After a strong start to the year, the jobs market is also showing signs of cooling. The economy lost 6,400 jobs in July – the second decline in the last three months, which suggests that the Bank of Canada’s efforts to rebalance the labour market are working. The unemployment rate moved higher to 5.5% and now stands 0.6 percentage points above the low reached in July 2022. Overall, the economy appears to be struggling to keep pace with the growing labour force, which is up 590,000 (2.8%) in the past year.
Slowing GDP and a soft employment report suggest that the economy is losing momentum. Add in June CPI numbers, which show Canada’s inflation rate fell to 2.8 per cent – its lowest level in more than two years – and there is a strong case for the Bank of Canada to stay on the sidelines. The length of the pause will depend on how long wage and core price growth remain firm.
What does this mean for housing?
Pointing to still-high inflation, strong consumer spending, a rebounding housing market and a labour market that is helping fuel higher prices, the US Federal Reserve announced another quarter-point rate hike at its late-July meeting. US rates have gone up 5.25 percentage points in the last 18 months, and in forecasts published in June, most policymakers expected to end the year with the Fed policy rate at 5.6%, one-quarter point above the current rate.
With the Bank of Canada looking to hold the course on rates and the Fed at or close to the end of the tightening cycle, it could be a while before we see US and Canadian bond rates ease. This will likely keep domestic mortgage rates at elevated levels over the near term, meaning affordability will not get a helping hand from monetary policy.
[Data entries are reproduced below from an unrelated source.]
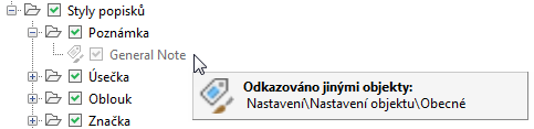 V tomto příkladu odkazuje komponenta Obecná nastavení prvku na komponentu Styl obecné poznámky. Zaškrtnutí políčka obecné poznámky tedy aktuálně nelze zrušit.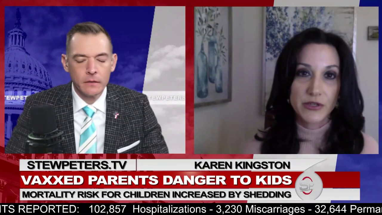 Karen Kingston joins the Stew Peters Show to expose the new evidence that vaccinated parents are increasing the mortality risk for their unvaccinated children. There's also evidence, she says, of an absurdly high false-positive rate for Covid on the PCR Tests+.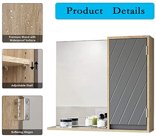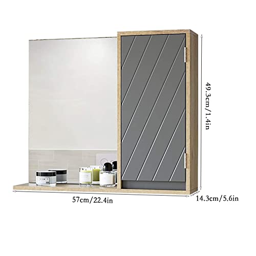 通用 Mobiletto a Specchio per Bagno, Armadietto Specchiera con Ripiani Interiori, Armadietto per Medicinali a Muro, Rovere Chiaro, 57x14.3x49.3cm

Borrowers with a variable rate mortgage are unlikely to see relief until the first quarter of next year. Fixed rate mortgages will likely see some easing as the 5-year bond rate comes down to around 3.5% by year end, with an additional 70 basis points of easing expected though 2024.
Home prices are also expected to remain elevated. In Canada, the national average home price is heavily impacted by two markets: the GTA and British Columbia’s Lower Mainland. In July, the Lower Mainland housing market cooled as higher mortgage rates pushed buyers to the sidelines with deteriorating affordability and softer buyer confidence. While the unadjusted average price fell month-over-month to $1.177 million, it remained 3.6% higher than a year ago. The story for the GTA was similar with the average price falling 5.4% in July to $1.11 million but remaining 4% above July 2022.
Prices are unlikely to see any material decline going forward as housing supply remains limited. Given this lack of inventory is coupled with a tight rental market, we expect to see a low sale, high price environment over the coming months.